Stored data:
┏━━

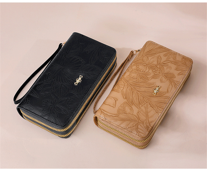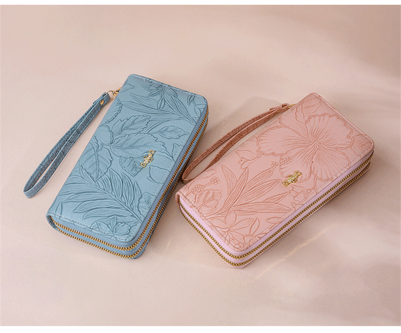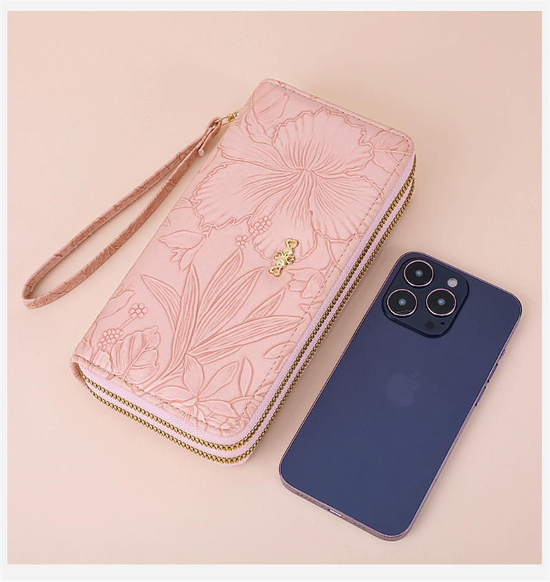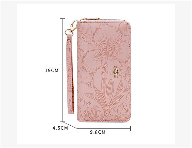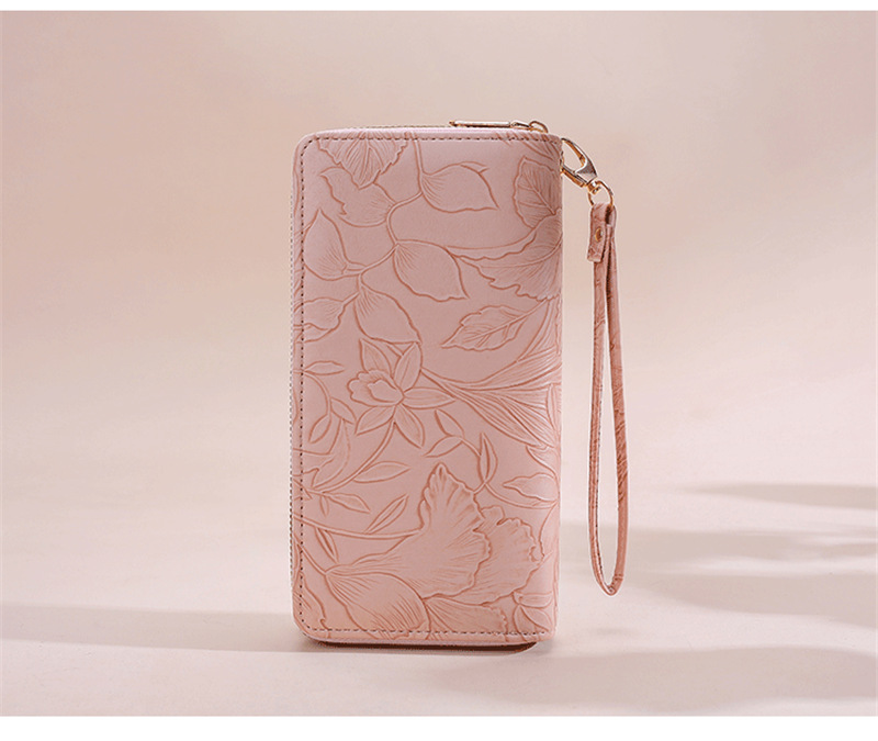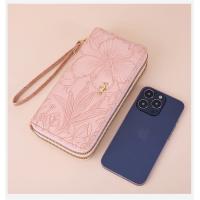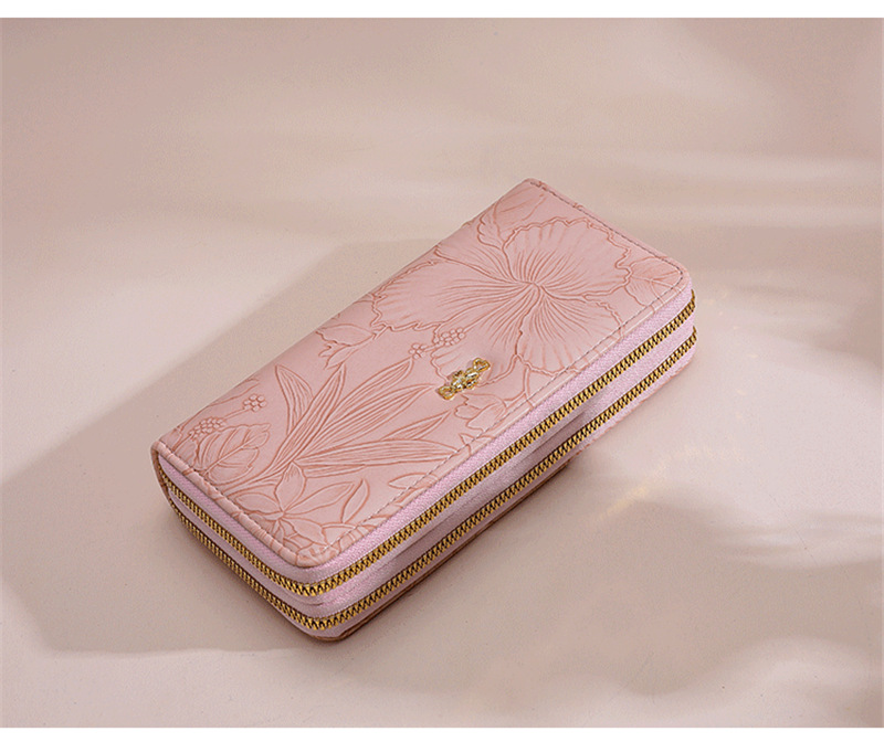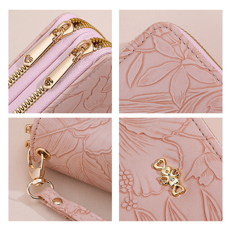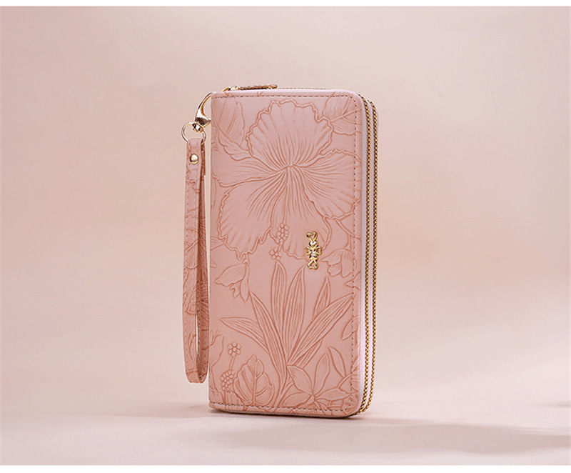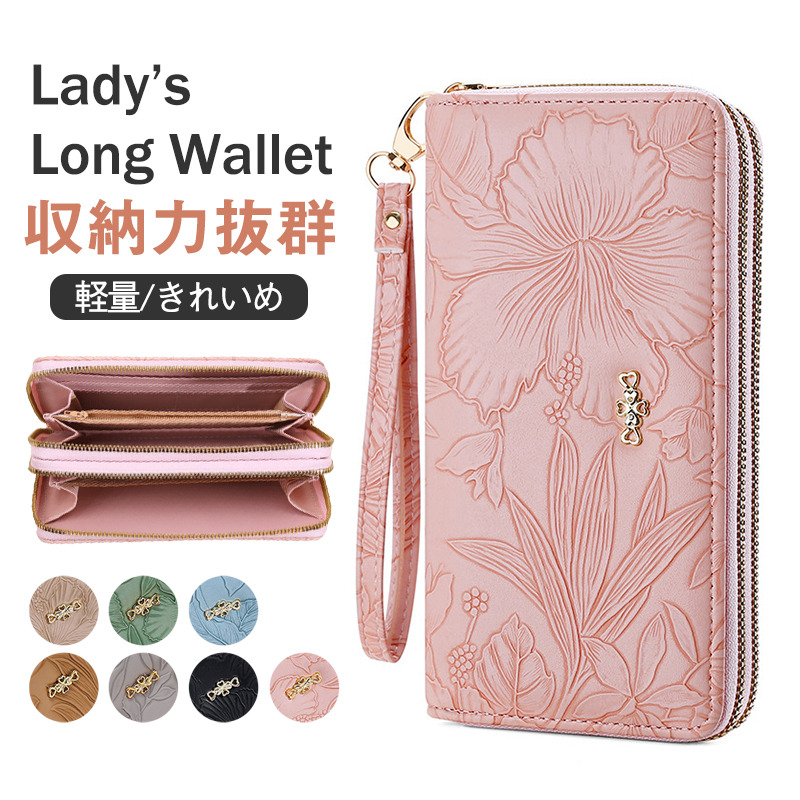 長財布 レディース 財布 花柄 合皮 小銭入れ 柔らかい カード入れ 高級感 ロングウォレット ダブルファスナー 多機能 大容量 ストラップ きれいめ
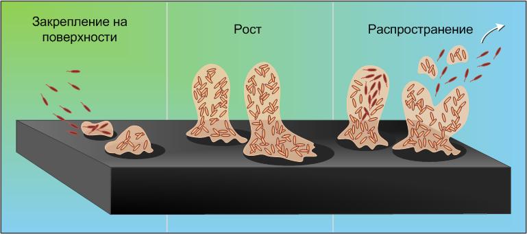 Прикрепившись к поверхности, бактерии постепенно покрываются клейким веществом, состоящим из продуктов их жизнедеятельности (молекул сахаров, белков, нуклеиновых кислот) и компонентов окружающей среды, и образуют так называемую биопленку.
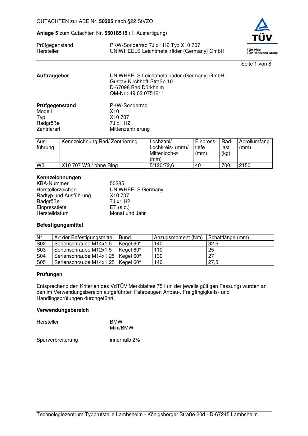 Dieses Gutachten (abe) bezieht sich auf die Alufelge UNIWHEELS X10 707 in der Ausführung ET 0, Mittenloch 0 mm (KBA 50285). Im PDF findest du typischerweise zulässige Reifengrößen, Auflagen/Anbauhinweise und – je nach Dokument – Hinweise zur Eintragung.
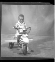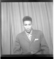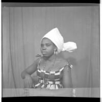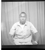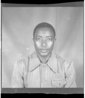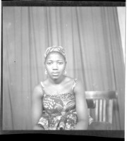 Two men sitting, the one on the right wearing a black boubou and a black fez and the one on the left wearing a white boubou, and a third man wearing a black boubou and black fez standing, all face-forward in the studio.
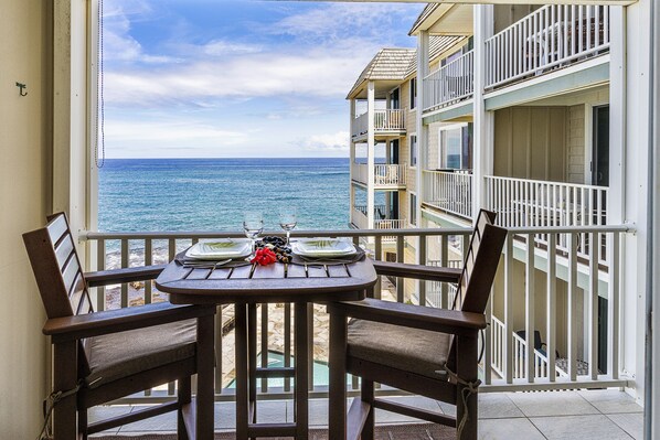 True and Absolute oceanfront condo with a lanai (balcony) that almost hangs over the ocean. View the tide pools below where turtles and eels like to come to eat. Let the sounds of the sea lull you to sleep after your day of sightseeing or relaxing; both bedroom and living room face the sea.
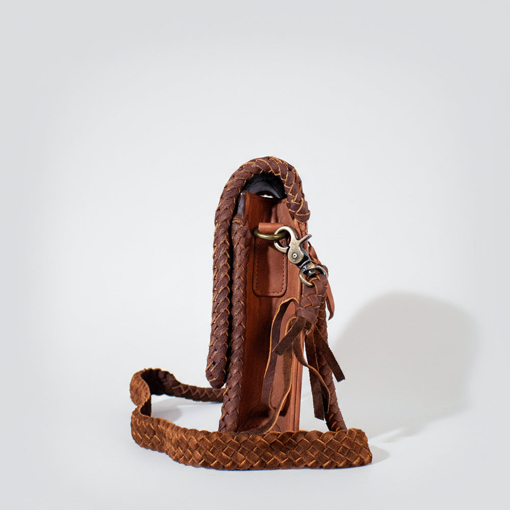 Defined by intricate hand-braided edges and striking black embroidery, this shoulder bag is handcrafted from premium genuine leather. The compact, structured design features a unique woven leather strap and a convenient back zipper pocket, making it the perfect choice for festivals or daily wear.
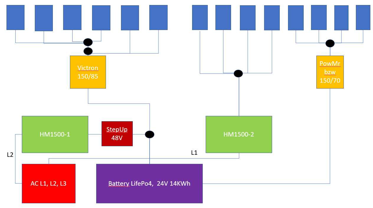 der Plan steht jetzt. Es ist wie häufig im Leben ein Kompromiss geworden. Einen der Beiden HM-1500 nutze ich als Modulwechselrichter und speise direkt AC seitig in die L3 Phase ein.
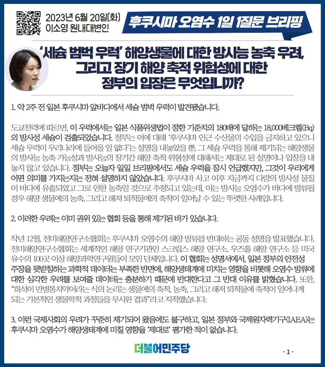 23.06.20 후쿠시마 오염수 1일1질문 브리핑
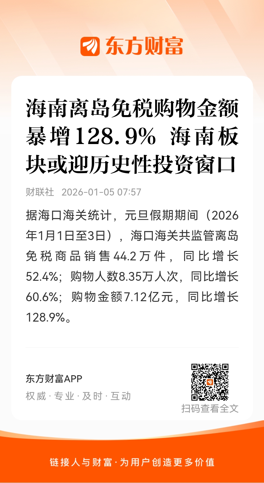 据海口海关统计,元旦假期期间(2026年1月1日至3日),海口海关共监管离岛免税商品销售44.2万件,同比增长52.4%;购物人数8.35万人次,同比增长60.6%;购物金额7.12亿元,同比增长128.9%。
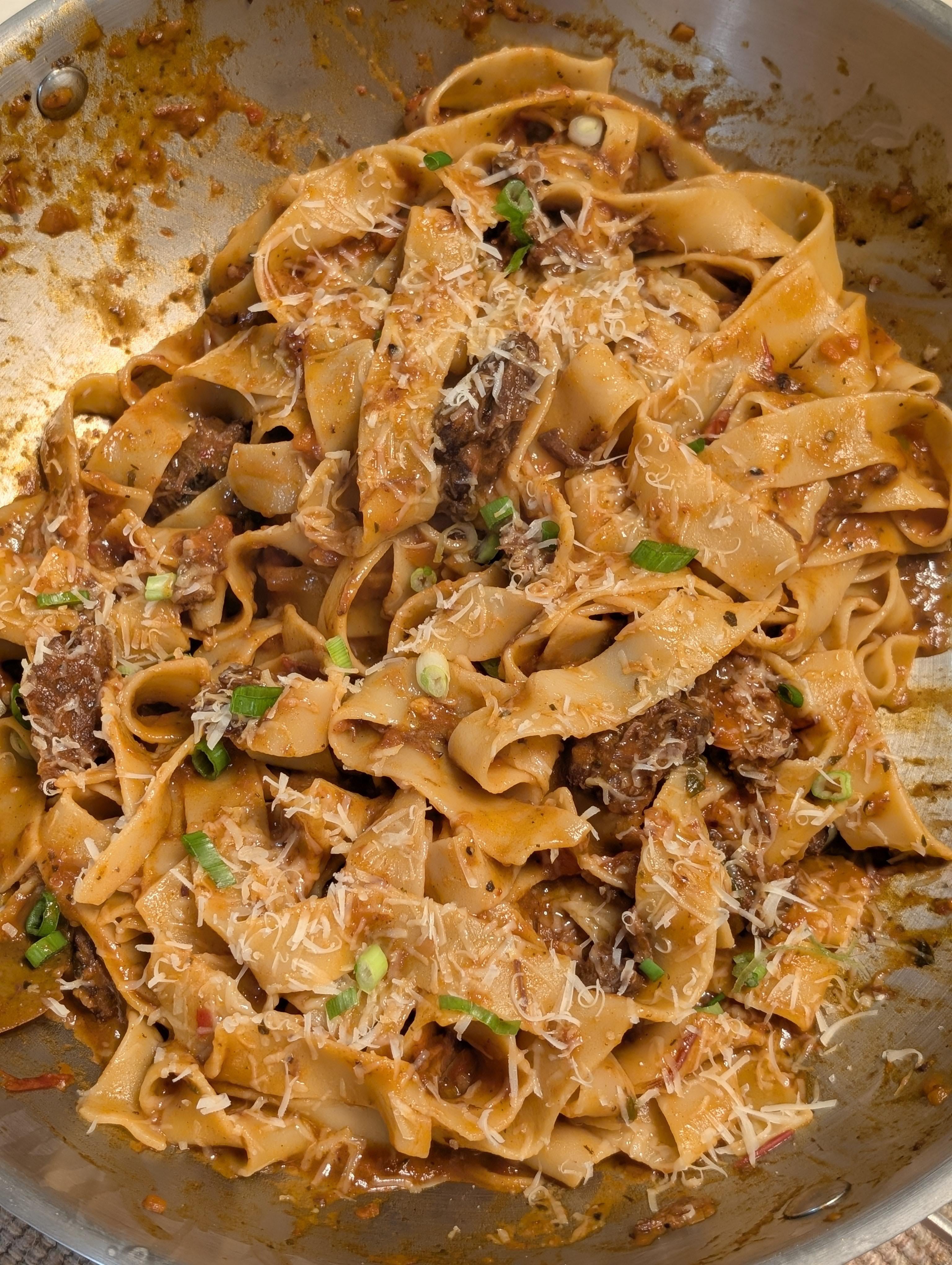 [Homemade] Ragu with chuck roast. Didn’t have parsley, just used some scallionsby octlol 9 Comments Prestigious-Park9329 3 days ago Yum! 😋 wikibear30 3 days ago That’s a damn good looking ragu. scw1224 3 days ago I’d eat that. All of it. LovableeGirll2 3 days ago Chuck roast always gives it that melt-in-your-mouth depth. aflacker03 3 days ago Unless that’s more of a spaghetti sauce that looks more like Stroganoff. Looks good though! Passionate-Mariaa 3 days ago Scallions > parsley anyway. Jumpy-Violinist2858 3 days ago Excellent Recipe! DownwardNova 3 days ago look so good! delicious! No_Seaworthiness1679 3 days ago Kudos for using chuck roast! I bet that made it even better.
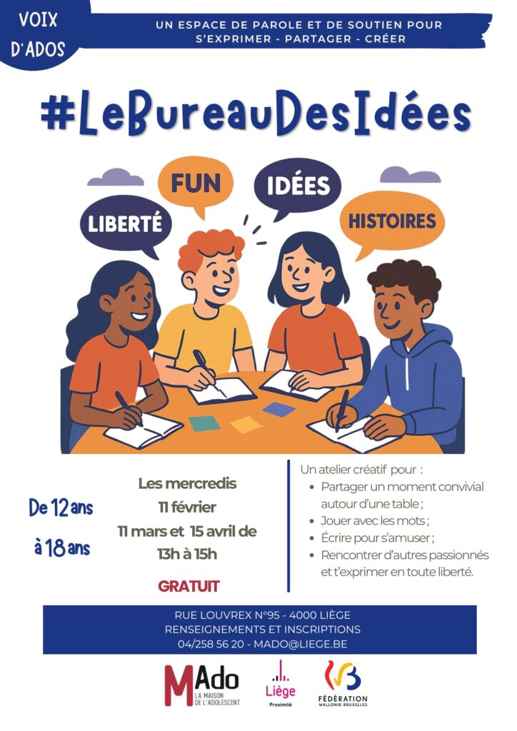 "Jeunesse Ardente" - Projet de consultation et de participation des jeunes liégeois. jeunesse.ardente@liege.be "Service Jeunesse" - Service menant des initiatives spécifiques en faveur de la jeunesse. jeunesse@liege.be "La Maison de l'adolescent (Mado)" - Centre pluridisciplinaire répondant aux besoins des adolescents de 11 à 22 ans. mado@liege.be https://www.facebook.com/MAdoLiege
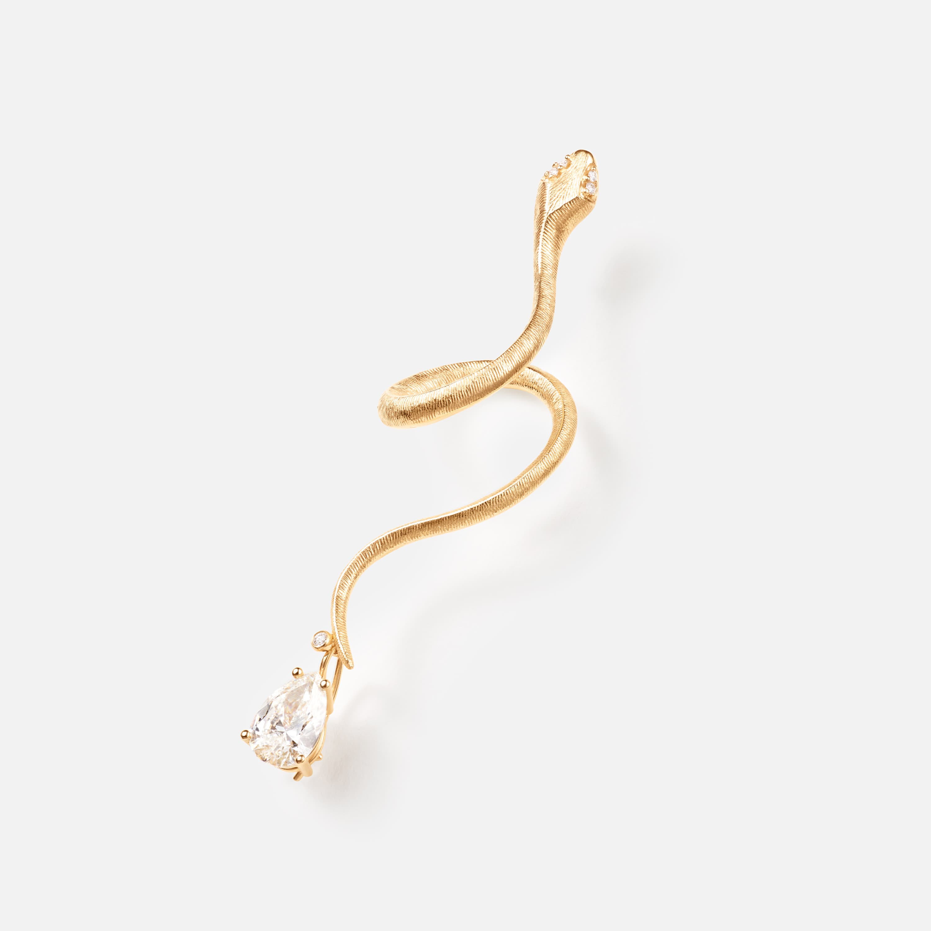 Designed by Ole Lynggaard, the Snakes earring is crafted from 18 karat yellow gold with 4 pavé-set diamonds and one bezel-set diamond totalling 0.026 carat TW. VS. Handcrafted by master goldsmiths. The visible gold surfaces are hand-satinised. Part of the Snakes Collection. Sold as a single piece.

┗━━

#### [WHAT THE TASK ASKS]
Write out, word for word, the stretch of entries that begins at the line with "据海口海关统计,元旦假期期间" and ends at the line with "[Homemade] Ragu with". Pictures do not belong in it.

#### [ANSWER TO THE PROBLEM]
 据海口海关统计,元旦假期期间(2026年1月1日至3日),海口海关共监管离岛免税商品销售44.2万件,同比增长52.4%;购物人数8.35万人次,同比增长60.6%;购物金额7.12亿元,同比增长128.9%。
 [Homemade] Ragu with chuck roast. Didn’t have parsley, just used some scallionsby octlol 9 Comments Prestigious-Park9329 3 days ago Yum! 😋 wikibear30 3 days ago That’s a damn good looking ragu. scw1224 3 days ago I’d eat that. All of it. LovableeGirll2 3 days ago Chuck roast always gives it that melt-in-your-mouth depth. aflacker03 3 days ago Unless that’s more of a spaghetti sauce that looks more like Stroganoff. Looks good though! Passionate-Mariaa 3 days ago Scallions > parsley anyway. Jumpy-Violinist2858 3 days ago Excellent Recipe! DownwardNova 3 days ago look so good! delicious! No_Seaworthiness1679 3 days ago Kudos for using chuck roast! I bet that made it even better.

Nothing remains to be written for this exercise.